[Data excerpts]
=-=-=-=-=
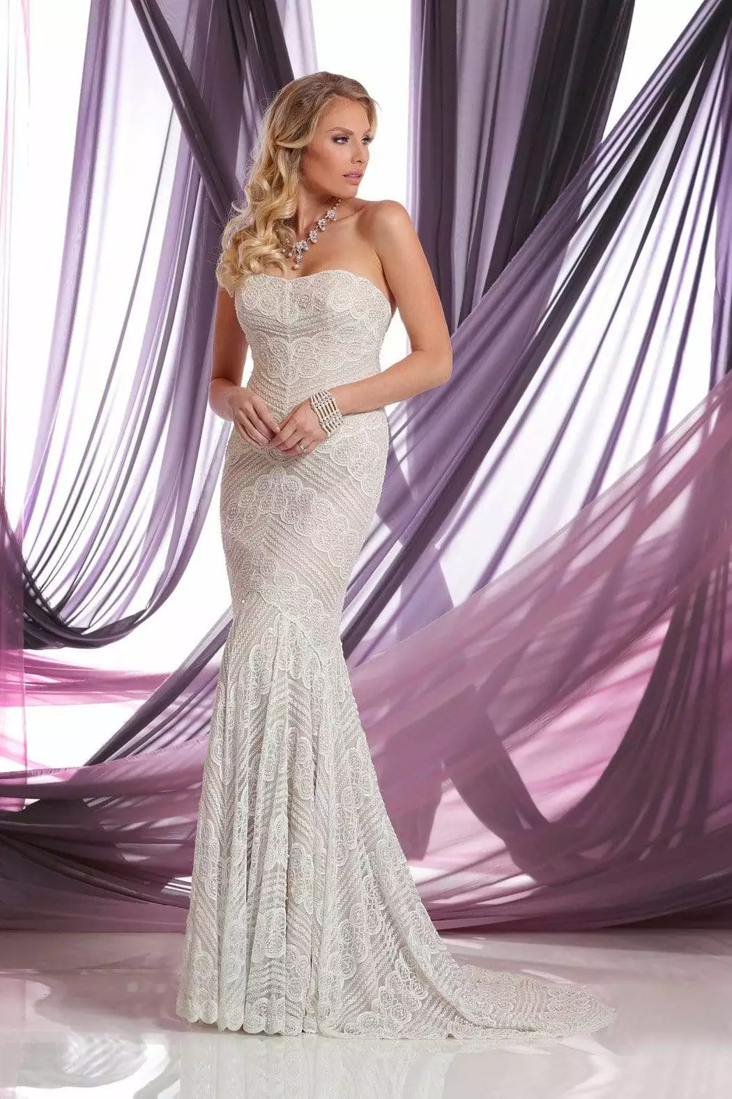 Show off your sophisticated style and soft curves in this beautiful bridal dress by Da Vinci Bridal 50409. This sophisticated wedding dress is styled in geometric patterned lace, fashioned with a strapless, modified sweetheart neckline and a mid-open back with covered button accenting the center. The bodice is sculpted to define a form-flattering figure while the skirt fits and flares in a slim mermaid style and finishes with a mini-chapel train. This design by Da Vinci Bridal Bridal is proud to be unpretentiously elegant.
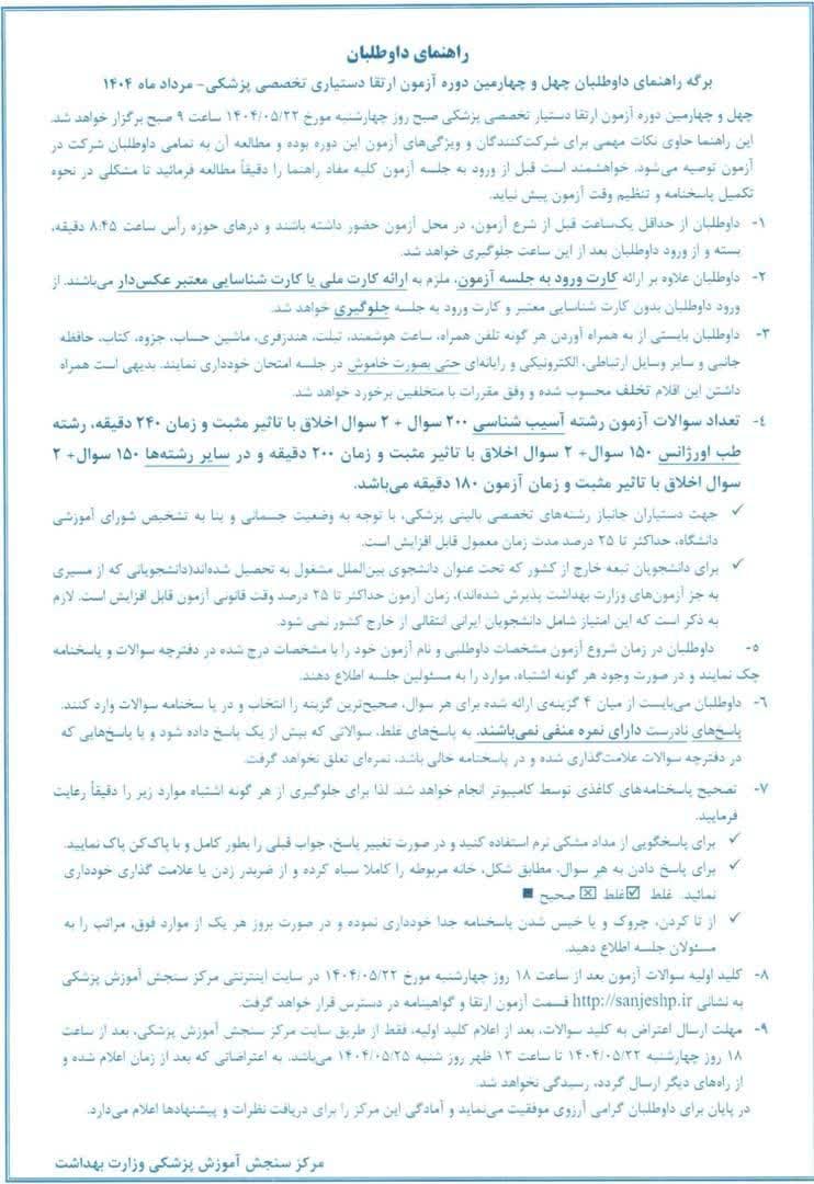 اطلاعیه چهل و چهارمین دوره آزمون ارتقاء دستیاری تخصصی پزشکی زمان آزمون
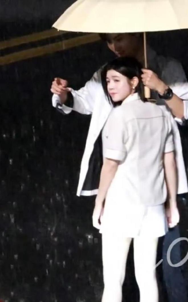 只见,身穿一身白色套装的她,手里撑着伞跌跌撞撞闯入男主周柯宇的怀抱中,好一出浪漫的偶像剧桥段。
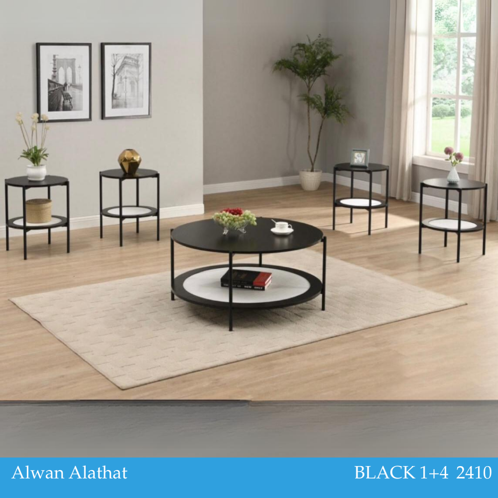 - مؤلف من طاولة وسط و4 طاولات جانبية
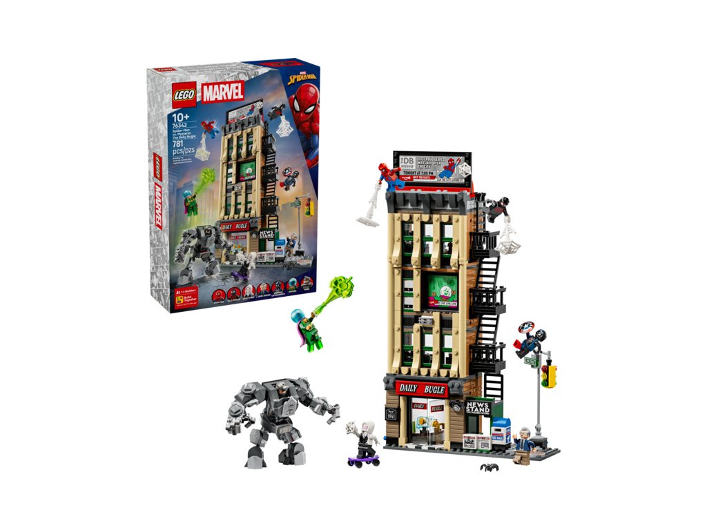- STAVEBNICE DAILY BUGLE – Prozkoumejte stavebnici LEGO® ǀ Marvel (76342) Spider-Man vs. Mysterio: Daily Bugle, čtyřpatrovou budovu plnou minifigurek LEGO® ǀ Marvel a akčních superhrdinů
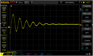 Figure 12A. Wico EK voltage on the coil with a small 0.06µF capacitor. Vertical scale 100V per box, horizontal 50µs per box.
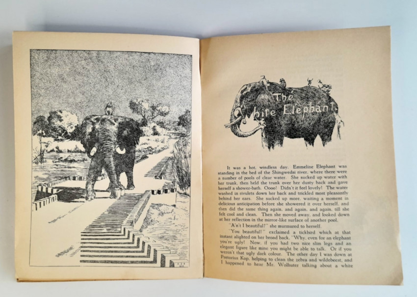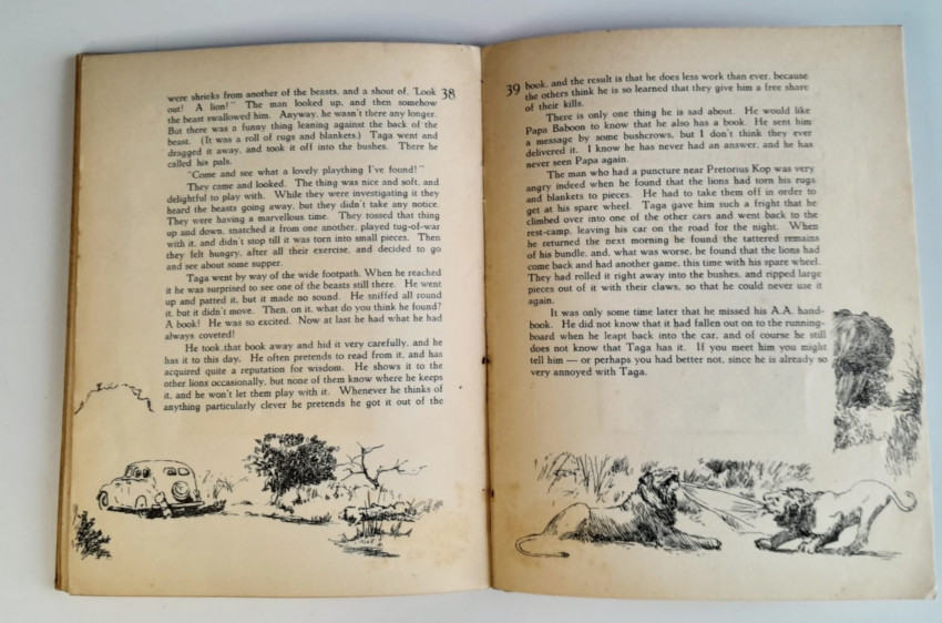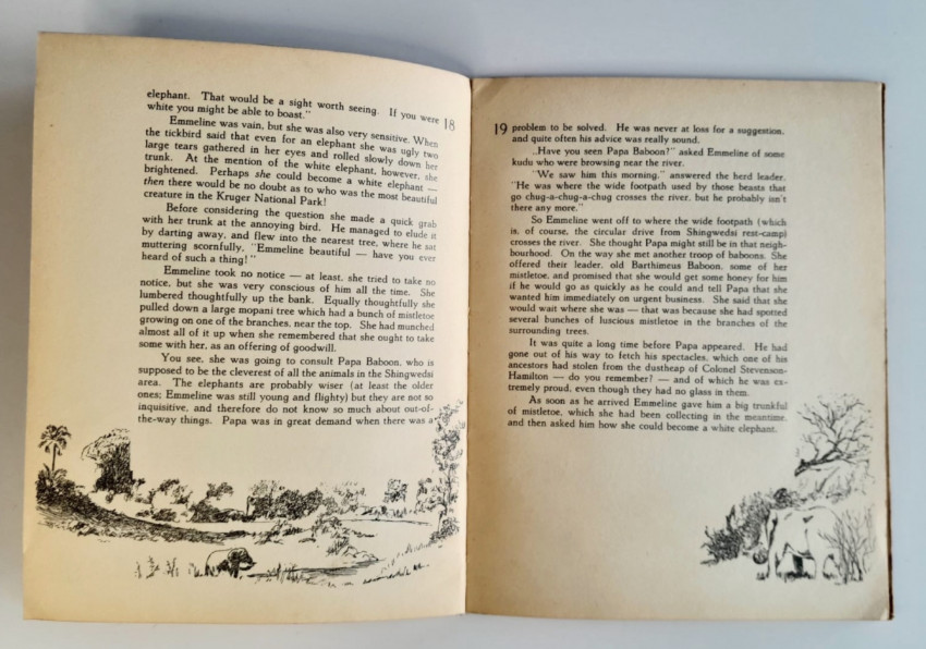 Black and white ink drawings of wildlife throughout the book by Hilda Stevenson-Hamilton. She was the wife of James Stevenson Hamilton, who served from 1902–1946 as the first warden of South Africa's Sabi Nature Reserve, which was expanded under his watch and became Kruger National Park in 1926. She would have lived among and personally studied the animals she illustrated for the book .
=-=-=-=-=
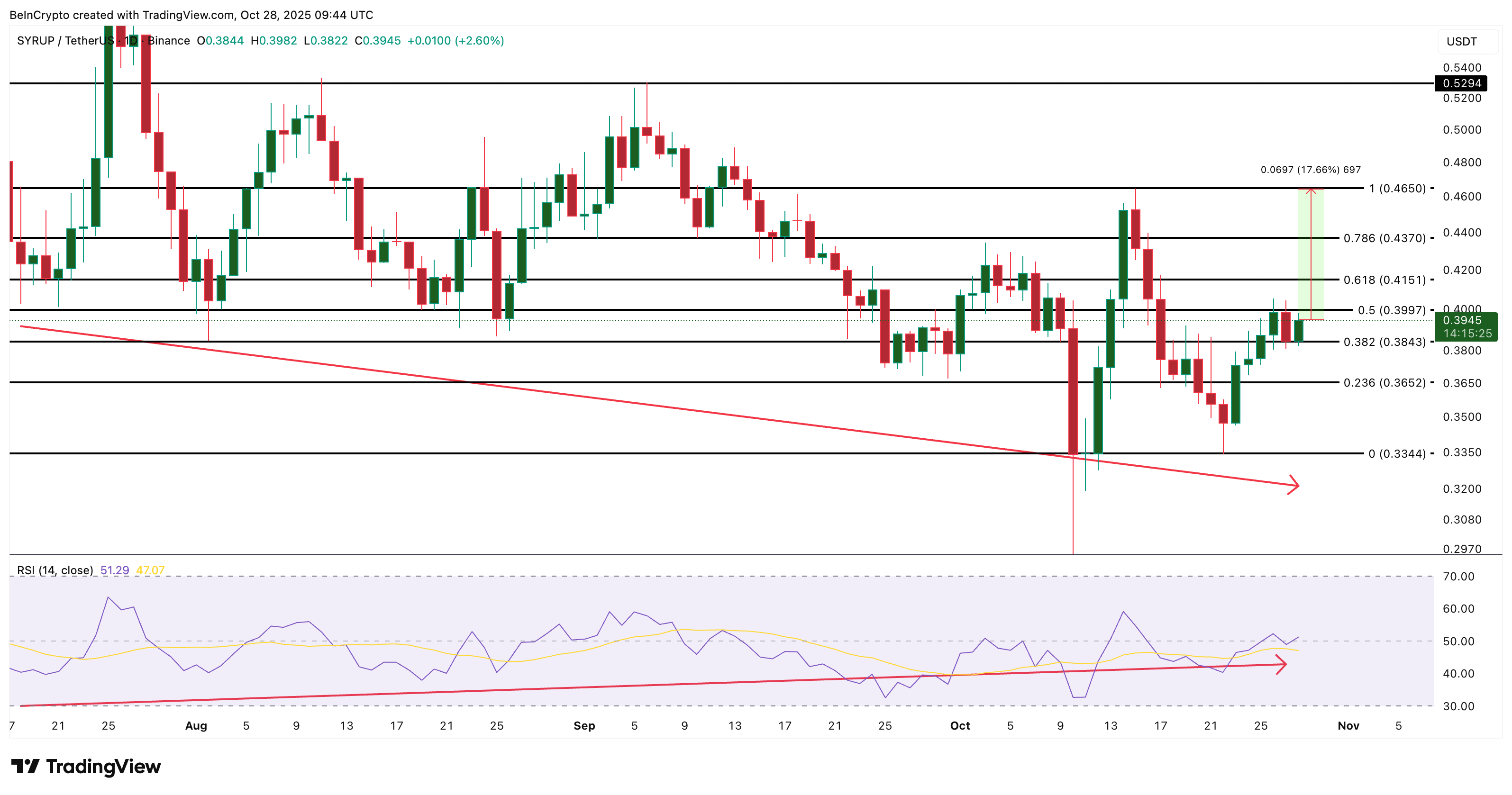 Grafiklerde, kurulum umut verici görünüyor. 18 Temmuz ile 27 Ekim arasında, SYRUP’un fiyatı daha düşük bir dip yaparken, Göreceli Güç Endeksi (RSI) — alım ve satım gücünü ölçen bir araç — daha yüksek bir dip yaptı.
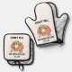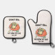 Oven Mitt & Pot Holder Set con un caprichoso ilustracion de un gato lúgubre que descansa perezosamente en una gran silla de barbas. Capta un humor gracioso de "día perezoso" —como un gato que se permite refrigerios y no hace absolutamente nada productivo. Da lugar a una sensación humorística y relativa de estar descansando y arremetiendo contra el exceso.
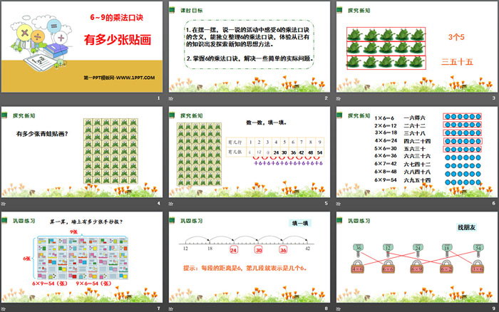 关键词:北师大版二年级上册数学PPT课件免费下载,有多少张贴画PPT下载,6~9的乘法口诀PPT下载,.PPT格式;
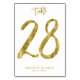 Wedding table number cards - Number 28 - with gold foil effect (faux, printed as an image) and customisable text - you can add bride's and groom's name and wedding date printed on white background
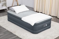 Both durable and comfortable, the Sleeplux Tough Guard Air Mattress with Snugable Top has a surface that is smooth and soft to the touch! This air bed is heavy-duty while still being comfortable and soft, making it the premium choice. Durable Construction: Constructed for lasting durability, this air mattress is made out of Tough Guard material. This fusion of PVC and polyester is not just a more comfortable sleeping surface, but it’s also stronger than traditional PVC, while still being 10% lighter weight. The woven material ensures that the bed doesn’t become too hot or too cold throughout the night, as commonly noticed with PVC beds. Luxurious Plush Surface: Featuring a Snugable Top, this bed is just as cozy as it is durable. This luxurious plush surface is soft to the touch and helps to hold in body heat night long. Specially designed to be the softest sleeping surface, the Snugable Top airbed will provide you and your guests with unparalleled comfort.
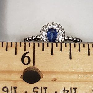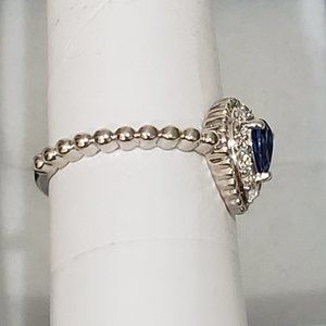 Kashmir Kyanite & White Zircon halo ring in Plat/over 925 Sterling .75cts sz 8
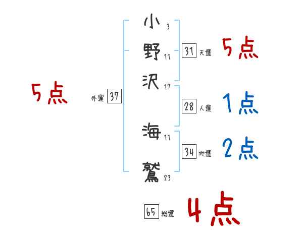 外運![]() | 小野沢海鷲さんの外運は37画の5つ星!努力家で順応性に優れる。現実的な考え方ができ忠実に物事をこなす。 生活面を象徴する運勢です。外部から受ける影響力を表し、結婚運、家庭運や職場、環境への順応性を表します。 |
=-=-=-=-=
REQUIRED WORK: Above are records; write out the lines from the one with "Show off your" down to the one with "Black and white", exactly, leaving the pictures out.

ANSWER FOR THE TASK:
 Show off your sophisticated style and soft curves in this beautiful bridal dress by Da Vinci Bridal 50409. This sophisticated wedding dress is styled in geometric patterned lace, fashioned with a strapless, modified sweetheart neckline and a mid-open back with covered button accenting the center. The bodice is sculpted to define a form-flattering figure while the skirt fits and flares in a slim mermaid style and finishes with a mini-chapel train. This design by Da Vinci Bridal Bridal is proud to be unpretentiously elegant.
 اطلاعیه چهل و چهارمین دوره آزمون ارتقاء دستیاری تخصصی پزشکی زمان آزمون
 只见,身穿一身白色套装的她,手里撑着伞跌跌撞撞闯入男主周柯宇的怀抱中,好一出浪漫的偶像剧桥段。
 - مؤلف من طاولة وسط و4 طاولات جانبية
- STAVEBNICE DAILY BUGLE – Prozkoumejte stavebnici LEGO® ǀ Marvel (76342) Spider-Man vs. Mysterio: Daily Bugle, čtyřpatrovou budovu plnou minifigurek LEGO® ǀ Marvel a akčních superhrdinů
 Figure 12A. Wico EK voltage on the coil with a small 0.06µF capacitor. Vertical scale 100V per box, horizontal 50µs per box.
 Black and white ink drawings of wildlife throughout the book by Hilda Stevenson-Hamilton. She was the wife of James Stevenson Hamilton, who served from 1902–1946 as the first warden of South Africa's Sabi Nature Reserve, which was expanded under his watch and became Kruger National Park in 1926. She would have lived among and personally studied the animals she illustrated for the book .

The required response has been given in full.